Sunday, February 01, 2026

Turning Lead Into Gold

 

Physicists trying to recreate conditions just after the Big Bang have accidentally done something once thought impossible: they turned lead into gold.

The discovery happened at the Large Hadron Collider (LHC) in Switzerland during experiments by the ALICE team. Scientists were smashing lead atoms together at nearly the speed of light to study how matter behaves under extreme energy and heat.

During these experiments, some lead atoms passed very close to each other without fully colliding. These “near-miss” encounters created powerful electromagnetic fields that knocked protons out of the lead atoms. 

Since lead has three more protons than gold, removing exactly three protons caused the remaining nucleus to briefly become gold.

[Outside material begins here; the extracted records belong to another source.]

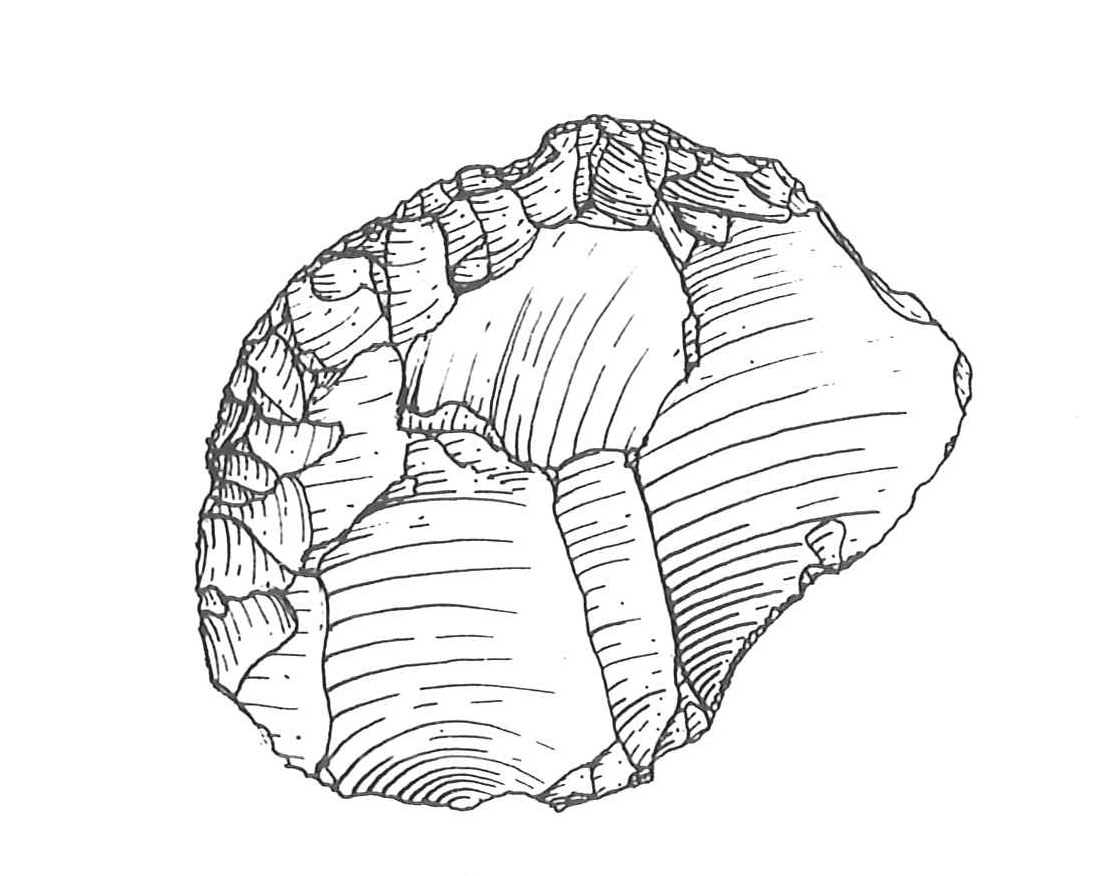 Raschiatoio su scheggia molto piatta di colore crema. Il ritocco, laterale sinistro, è piatto invadente diretto. Il tallone è faccettato a "chapeau de gendarme"
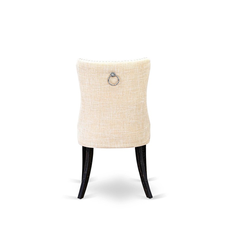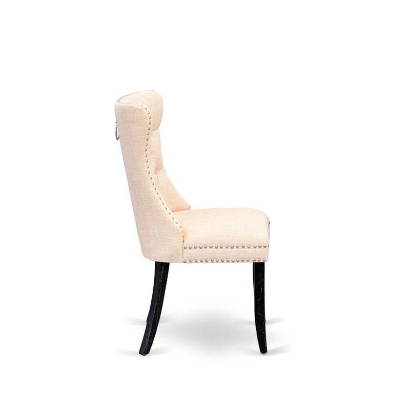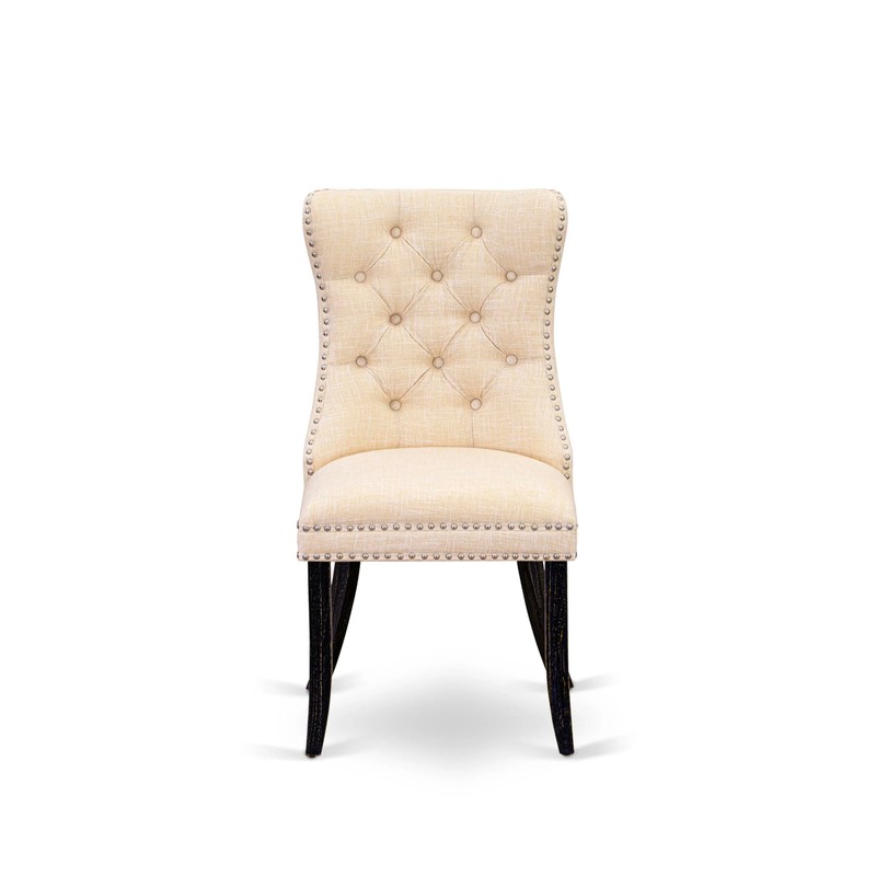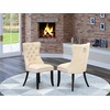 East West Furniture DAPFL32 Dallas Parson Dining Room Chairs - Button Tufted Nailhead Light Beige Polyester Fabric Padded Chairs, Set of 2, Sand Blasted Black
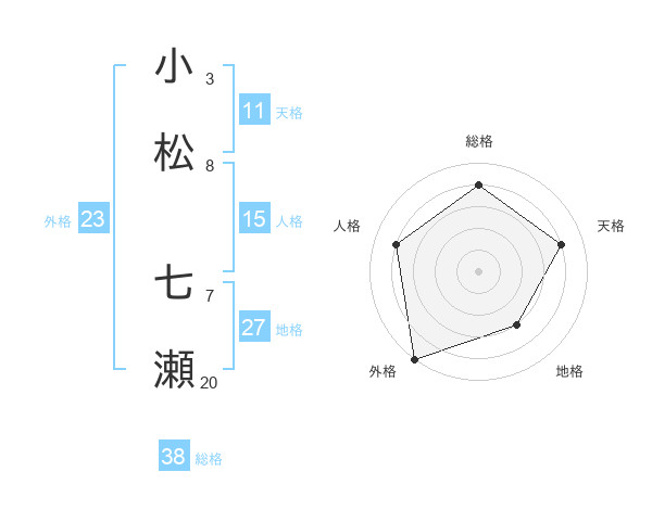 小松 七瀬さんの総格は38画の4点!
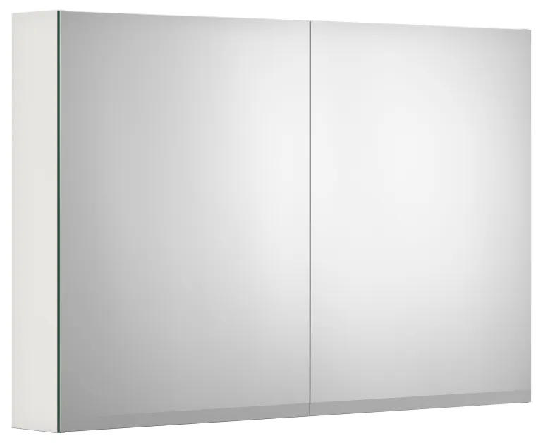 Valkoinen peilikaappi kahdella kaksipuolisella peiliovella Gustavsbergiltä, 100 cm. Alareunat on huurrettu, jotta peiliin ei jää rasvatahroja.
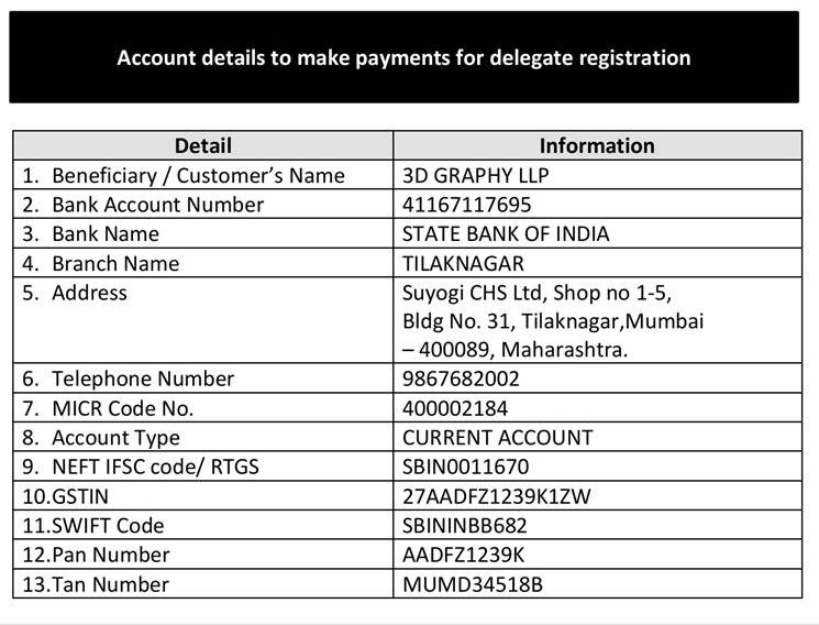 10. To register and confirm the booking of your stall, the payment will need to be made in favor of 3D Graphy LLP.
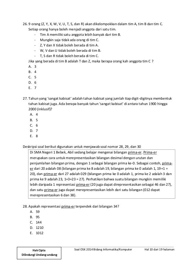 BIDANG MATEMATIKA Cover Soal dan Cover Kunci Jawaban Soal OSK 2013 Bidang Matematika Kunci Jawaban OSK 2013 Bidang Matematika Pembahasan OSK 2013 Bidang Matematika BIDANG. Salah satu bidang yang dilombakan di KSN merupakan bidang informatikakomputer. Deskripsi untuk soal nomor 28 - 30 Ada 5 anak bernama Ari Dewangga Tracy Ivan dan Korabum.
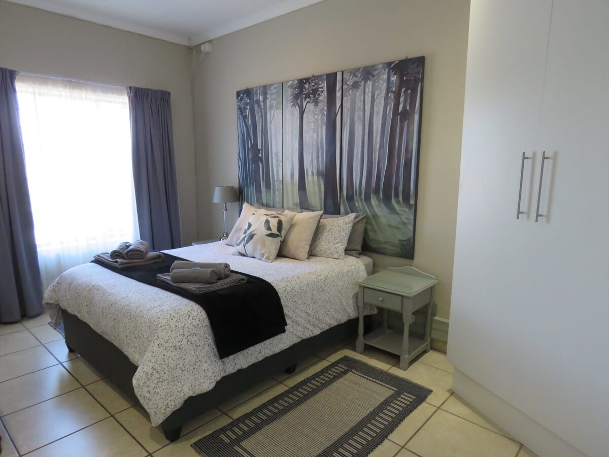 Enjoy easy access to main routes from this perfectly located home base. Self - Catering 2 bedroom - the main bedroom has a Queen Size bed and the 2nd bedroom has a 3/4 bed. Close to shops and tourist spots. Secure, undercover parking. WI-FI and TV. Air conditioning in main Bedroom and open plan living space. Outdoor entertainment area.

The amount of gold produced was incredibly tiny. Scientists estimate a total of about 29 trillionths of a gram, with roughly 89,000 gold atoms forming per second during collisions. 

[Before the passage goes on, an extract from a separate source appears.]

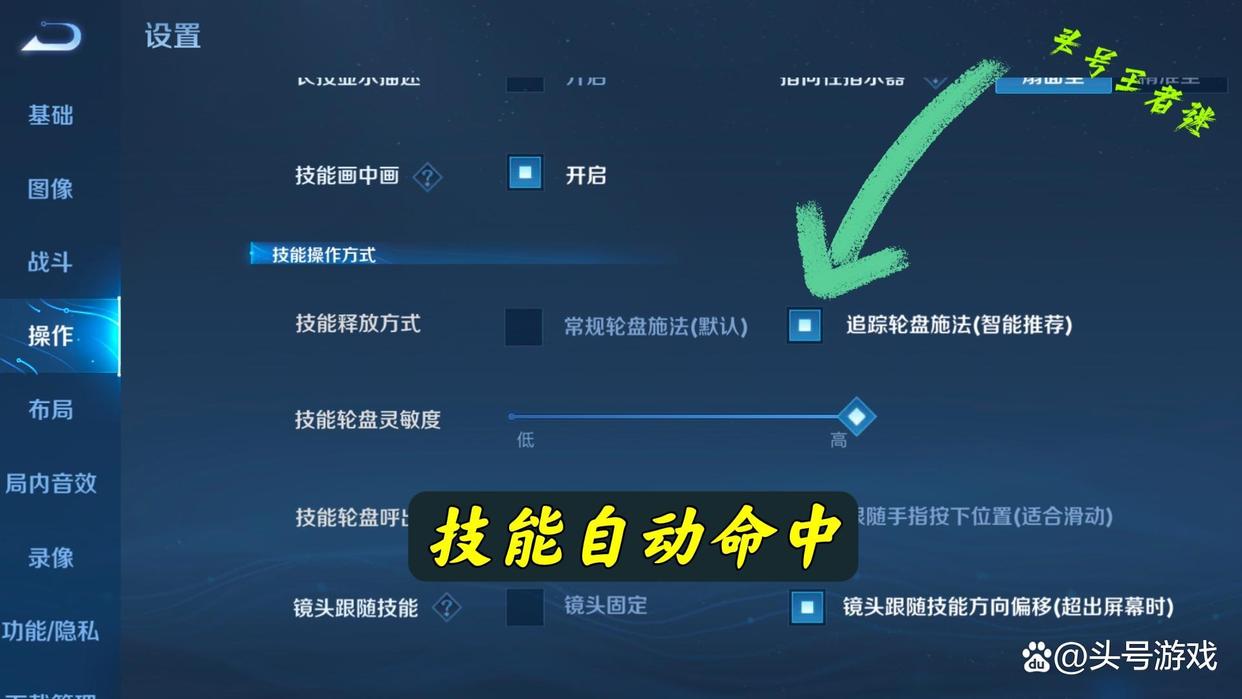 我们打开设置之后,点开操作按钮,把技能释放方式改为追踪轮盘施法,这个时候我们在释放技能的时候就会自动命中敌方英雄,当然,前提是敌方英雄在我们技能释放的范围内。而且我们在使用一些技能的时候,只需要按住不放技能指向就会自动瞄准,当我们松开手的时候,技能就会立马命中,对于那些新手玩家而言,这个功能简直可以说是妥妥的黑科技,比外挂还要强,所以建议新手玩家一定要打开。
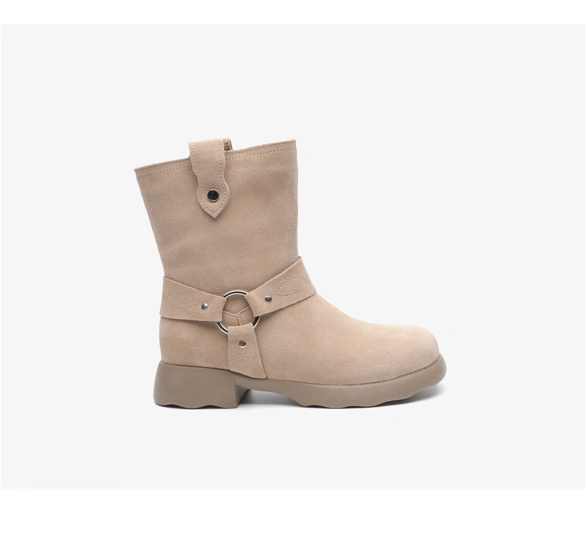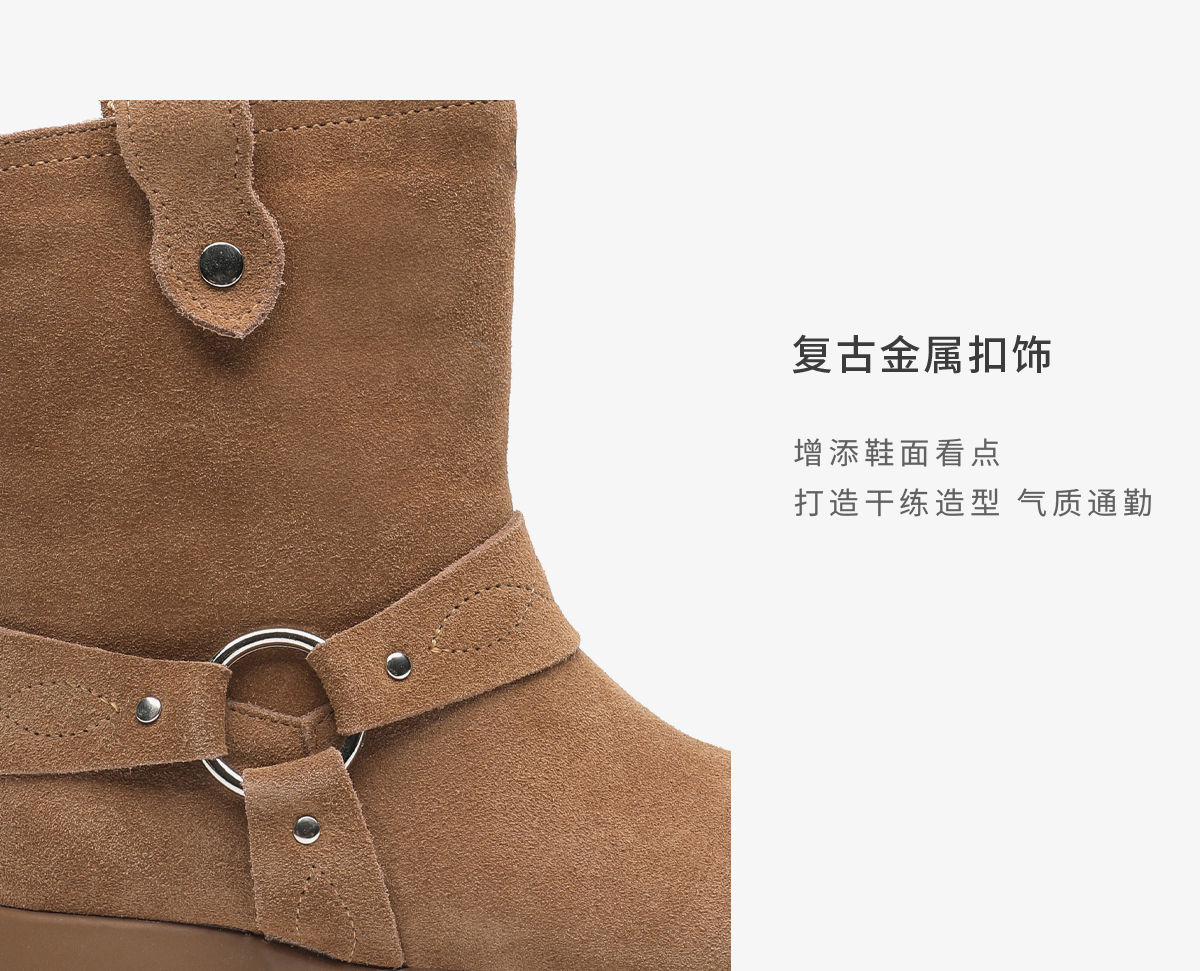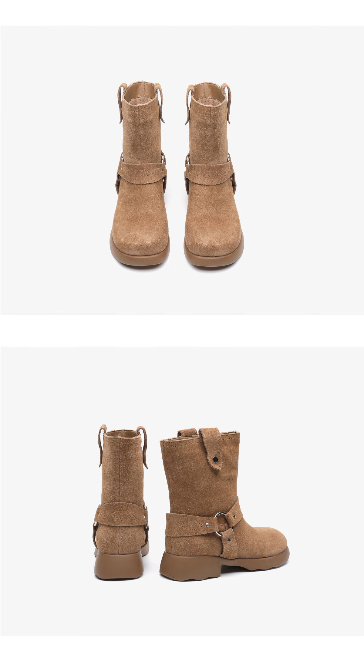 月芽儿短靴女2025新款冬季美拉德短筒堆堆靴百搭西部牛仔骑士靴子 绒里棕色03T 34

The gold couldn’t be seen directly, but researchers detected the released protons using special instruments, confirming the transformation. Small traces of thallium and mercury were also formed when fewer protons were removed.

CERN scientists say the finding has no commercial value—the gold produced is trillions of times too small to be useful—but it is scientifically important. 

Understanding these atomic changes helps physicists better analyze collider data and design future experiments to explore the fundamental nature of matter.